If you were looking for a reason to love Hogjaw (not that you should need one, because for 10 years and five other albums they’ve been ace) then we’ll leave this with you. Their bass player is called Elvis DD. That’s Elvis Double D, which is probably the most rock n roll name ever.

Such an intro would usually be a digression, but oddly enough not here. Because Hogjaw are a rock n roll band to their very last breath. The four long-standing friends look like they were born in a van, playing a guitar and appear for all the world to have been weaned on moonshine since birth.

All of which means that whilst you can tell exactly what sort of band Hogjaw are from the name – like one of those death metal bands with the logos you can’t read, they reveal all their layers right from the get go– and you also know what “Way Down Yonder” sounds like before they’ve played a note, it doesn’t make it any less fun.

How can any record that contains a title track that strides the world with denim clad intent and which sees the singer pistol whip the devil at one point not be an absolute knockout?

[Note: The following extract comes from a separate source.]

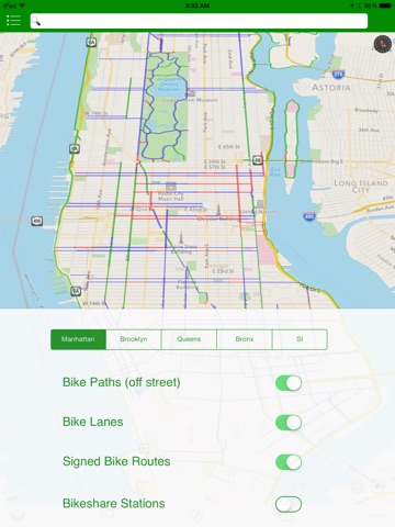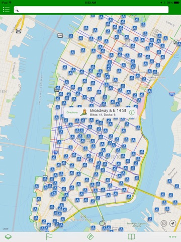 Doesnt give direction like NYC spokes does and doesnt give a full map like NYC bike map app does. However the layers are nice, though playing with them causes the app to crash. Im going to give this a shot and leave it on my phone until it gets an update. Its got potential.

Particularly when it is played like the Allman Brothers and The Marshall Tucker Band were jamming on Grand Funk’s  “We’re An American Band”.

That’s kind of the vibe throughout too. “Back Home Today” kicks things off in a country type way, albeit given that singer JB Jones sounds like he’s the leader of a biker gang at all times, so there is a rock feel about its stomp, even here.

“To Hell With The Rest” is the kind of middle finger in the air that Skinny Molly do, plus it comes on like the best song ZZ Top never wrote – for the avoidance of doubt that makes it very, very good indeed.

If Billy and the Boys are the best little band from Texas, then these four aren’t far off the best band in Arizona, “Brown Water” isn’t so much whiskey soaked, as absolutely righteously drunk, and it will make anywhere a honky-tonk for four minutes. “North Carolina Way” is a veritable southern rock masterclass, and the lead playing from Jimmy Rose is brilliant. Furthermore, even when they deal with a bleaker subject matter, as on “Dark Horse” they do it in a way that will make Thin Lizzy fans go misty eyed, while “Redemption” reveals a more tender side.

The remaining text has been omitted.